___ DATA TO PROCESS ___

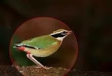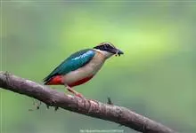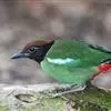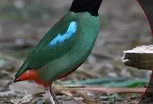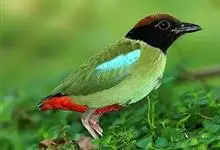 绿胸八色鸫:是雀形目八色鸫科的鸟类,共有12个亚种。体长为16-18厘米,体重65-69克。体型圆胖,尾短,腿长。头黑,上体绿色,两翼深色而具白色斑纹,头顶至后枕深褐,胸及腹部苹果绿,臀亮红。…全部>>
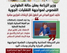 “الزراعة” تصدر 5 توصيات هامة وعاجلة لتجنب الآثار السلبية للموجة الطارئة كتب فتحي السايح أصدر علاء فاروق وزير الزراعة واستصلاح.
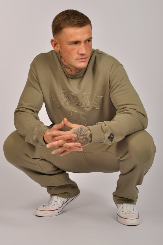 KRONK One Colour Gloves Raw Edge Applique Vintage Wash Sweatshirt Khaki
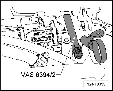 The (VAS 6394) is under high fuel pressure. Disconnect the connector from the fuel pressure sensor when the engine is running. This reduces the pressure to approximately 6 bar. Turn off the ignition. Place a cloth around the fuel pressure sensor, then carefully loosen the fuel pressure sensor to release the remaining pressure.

___
___ DATA TO PROCESS ___

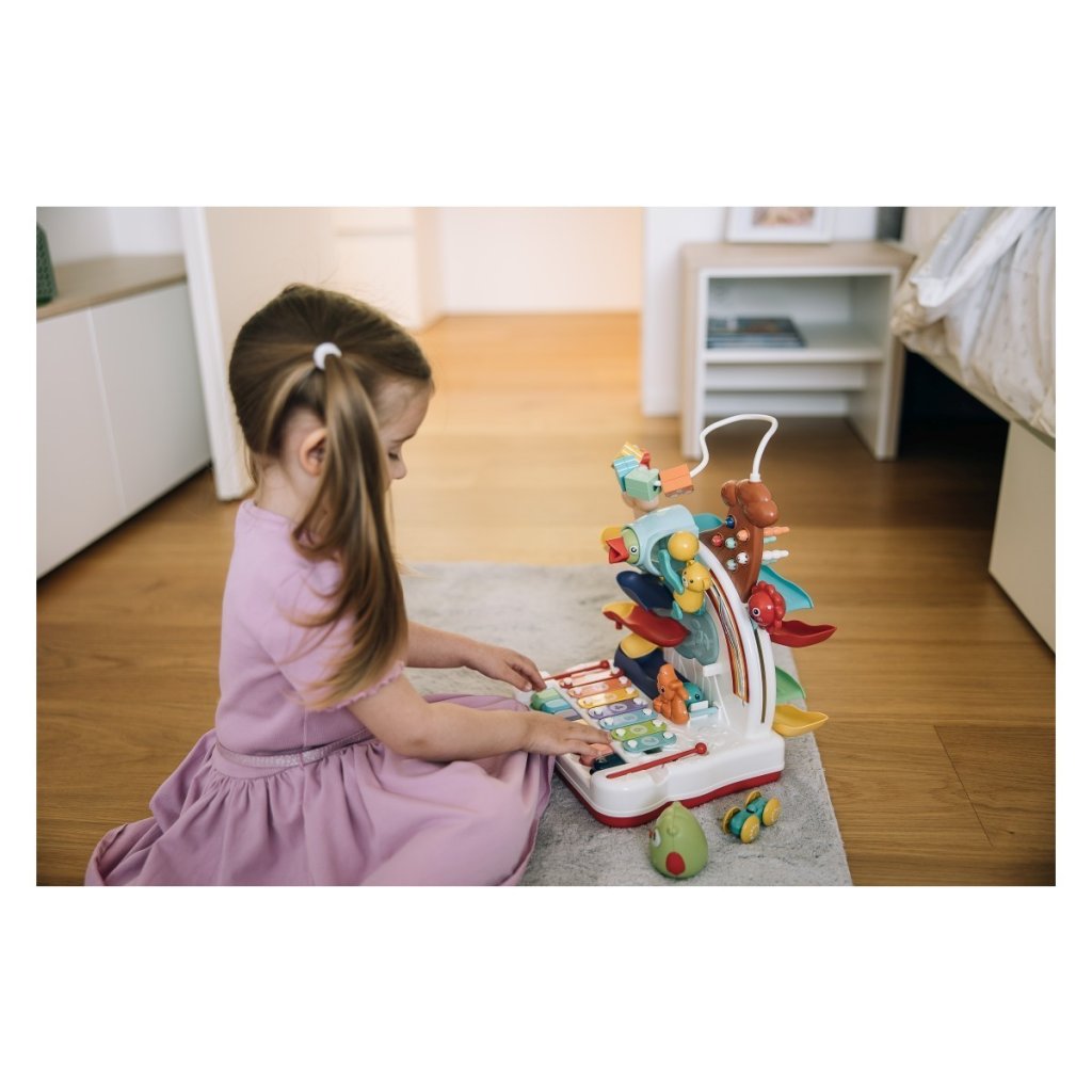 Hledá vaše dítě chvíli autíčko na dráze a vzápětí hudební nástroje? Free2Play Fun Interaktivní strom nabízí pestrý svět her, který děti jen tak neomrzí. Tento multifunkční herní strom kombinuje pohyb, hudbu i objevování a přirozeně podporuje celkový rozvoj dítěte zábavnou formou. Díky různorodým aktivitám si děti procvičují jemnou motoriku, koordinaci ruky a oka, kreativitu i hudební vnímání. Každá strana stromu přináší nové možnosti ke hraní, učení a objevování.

___
___ DATA TO PROCESS ___

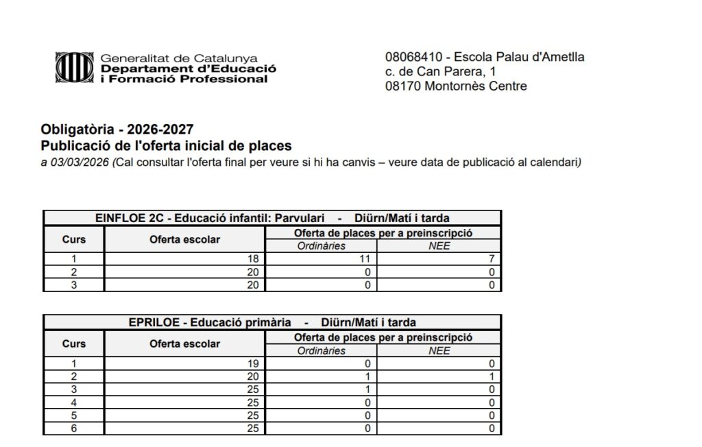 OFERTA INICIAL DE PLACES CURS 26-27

___

Repeat, without pictures, exactly the lines of the data above from the one containing "KRONK One Colour" through the one containing "The (VAS 6394)", including both and adding nothing.

FINISHED TASK ->
 KRONK One Colour Gloves Raw Edge Applique Vintage Wash Sweatshirt Khaki
 The (VAS 6394) is under high fuel pressure. Disconnect the connector from the fuel pressure sensor when the engine is running. This reduces the pressure to approximately 6 bar. Turn off the ignition. Place a cloth around the fuel pressure sensor, then carefully loosen the fuel pressure sensor to release the remaining pressure.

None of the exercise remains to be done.